Prompt => A verbatim copy of the data is wanted, minus any picture in it.

(Data section Opens)

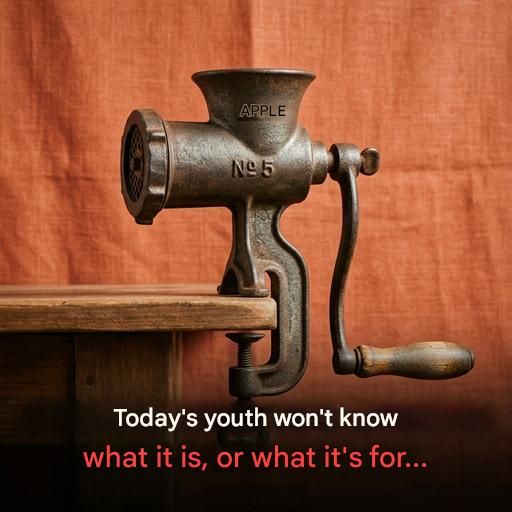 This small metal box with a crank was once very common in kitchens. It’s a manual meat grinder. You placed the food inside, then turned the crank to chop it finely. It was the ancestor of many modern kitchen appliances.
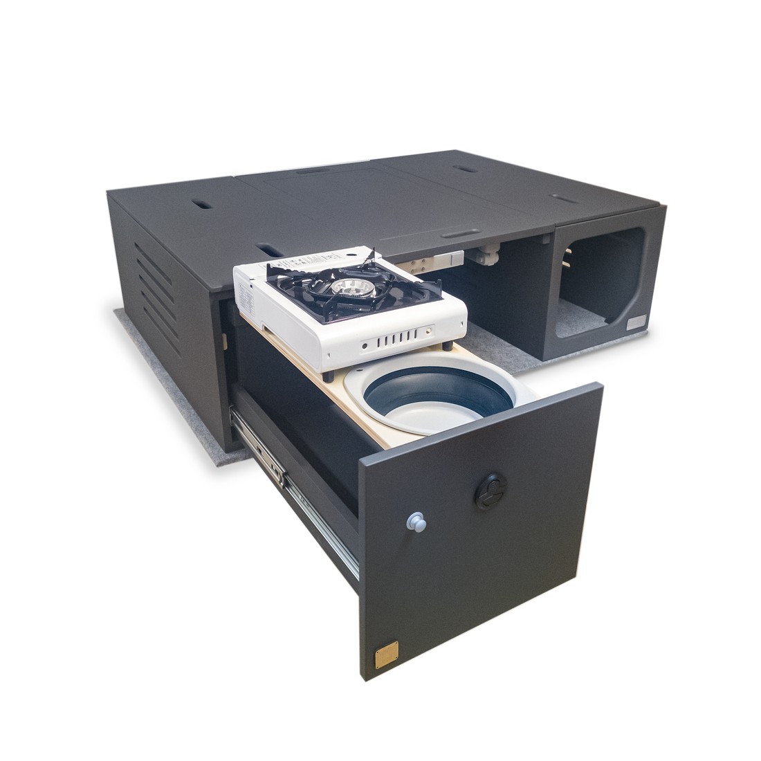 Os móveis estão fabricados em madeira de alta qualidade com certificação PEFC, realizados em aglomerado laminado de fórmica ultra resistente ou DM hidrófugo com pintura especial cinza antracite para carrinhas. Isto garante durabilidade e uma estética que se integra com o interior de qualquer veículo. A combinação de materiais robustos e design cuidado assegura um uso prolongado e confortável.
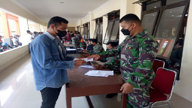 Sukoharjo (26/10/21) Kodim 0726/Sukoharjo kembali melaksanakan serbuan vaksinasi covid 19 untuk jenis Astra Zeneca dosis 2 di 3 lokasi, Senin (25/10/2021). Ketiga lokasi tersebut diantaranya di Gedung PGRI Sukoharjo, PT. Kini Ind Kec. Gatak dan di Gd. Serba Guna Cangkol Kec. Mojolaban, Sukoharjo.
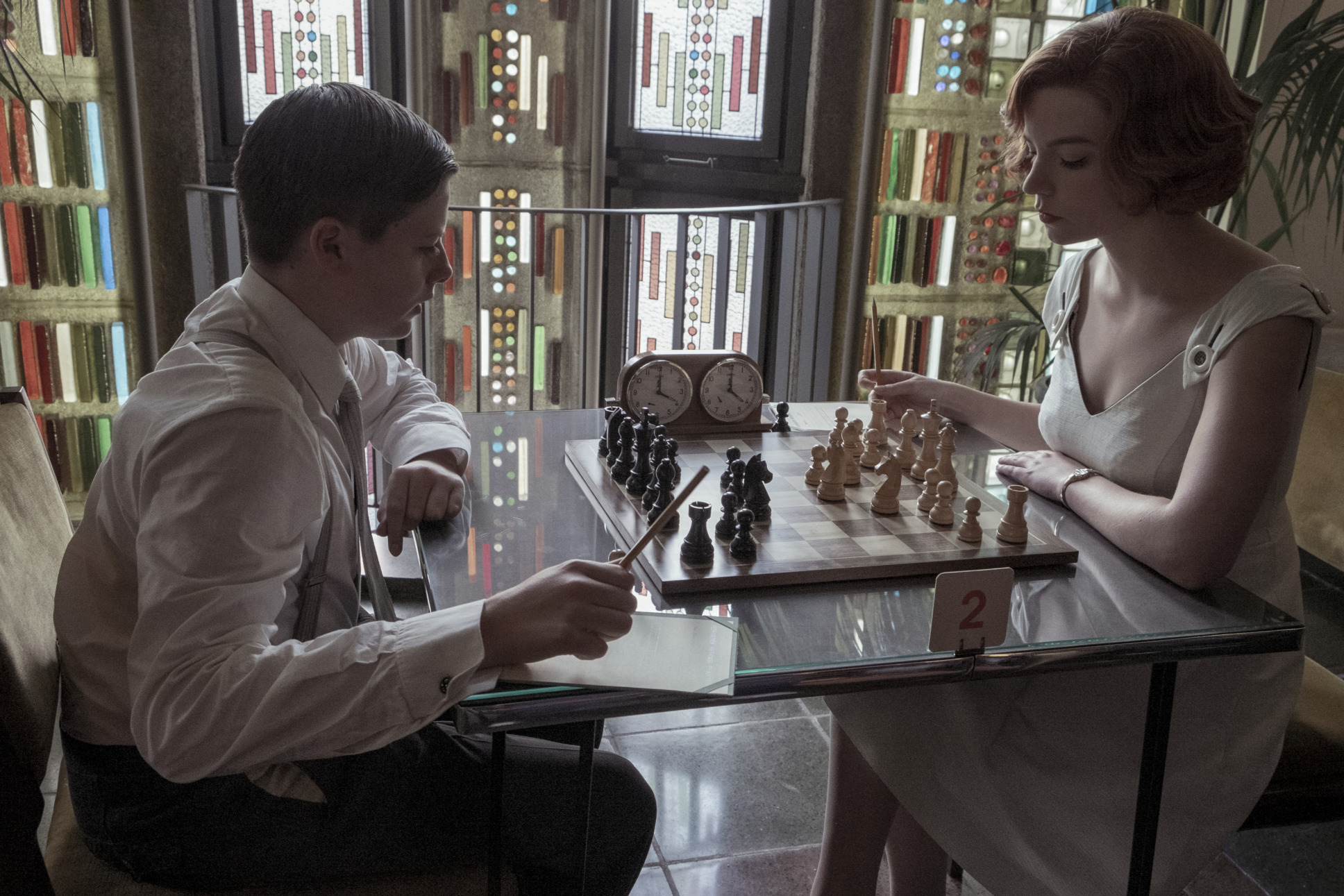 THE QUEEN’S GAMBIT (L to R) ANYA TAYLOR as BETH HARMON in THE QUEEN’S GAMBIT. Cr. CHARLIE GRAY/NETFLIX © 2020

(Data section Closes)

Answer below =>
 This small metal box with a crank was once very common in kitchens. It’s a manual meat grinder. You placed the food inside, then turned the crank to chop it finely. It was the ancestor of many modern kitchen appliances.
 Os móveis estão fabricados em madeira de alta qualidade com certificação PEFC, realizados em aglomerado laminado de fórmica ultra resistente ou DM hidrófugo com pintura especial cinza antracite para carrinhas. Isto garante durabilidade e uma estética que se integra com o interior de qualquer veículo. A combinação de materiais robustos e design cuidado assegura um uso prolongado e confortável.
 Sukoharjo (26/10/21) Kodim 0726/Sukoharjo kembali melaksanakan serbuan vaksinasi covid 19 untuk jenis Astra Zeneca dosis 2 di 3 lokasi, Senin (25/10/2021). Ketiga lokasi tersebut diantaranya di Gedung PGRI Sukoharjo, PT. Kini Ind Kec. Gatak dan di Gd. Serba Guna Cangkol Kec. Mojolaban, Sukoharjo.
 THE QUEEN’S GAMBIT (L to R) ANYA TAYLOR as BETH HARMON in THE QUEEN’S GAMBIT. Cr. CHARLIE GRAY/NETFLIX © 2020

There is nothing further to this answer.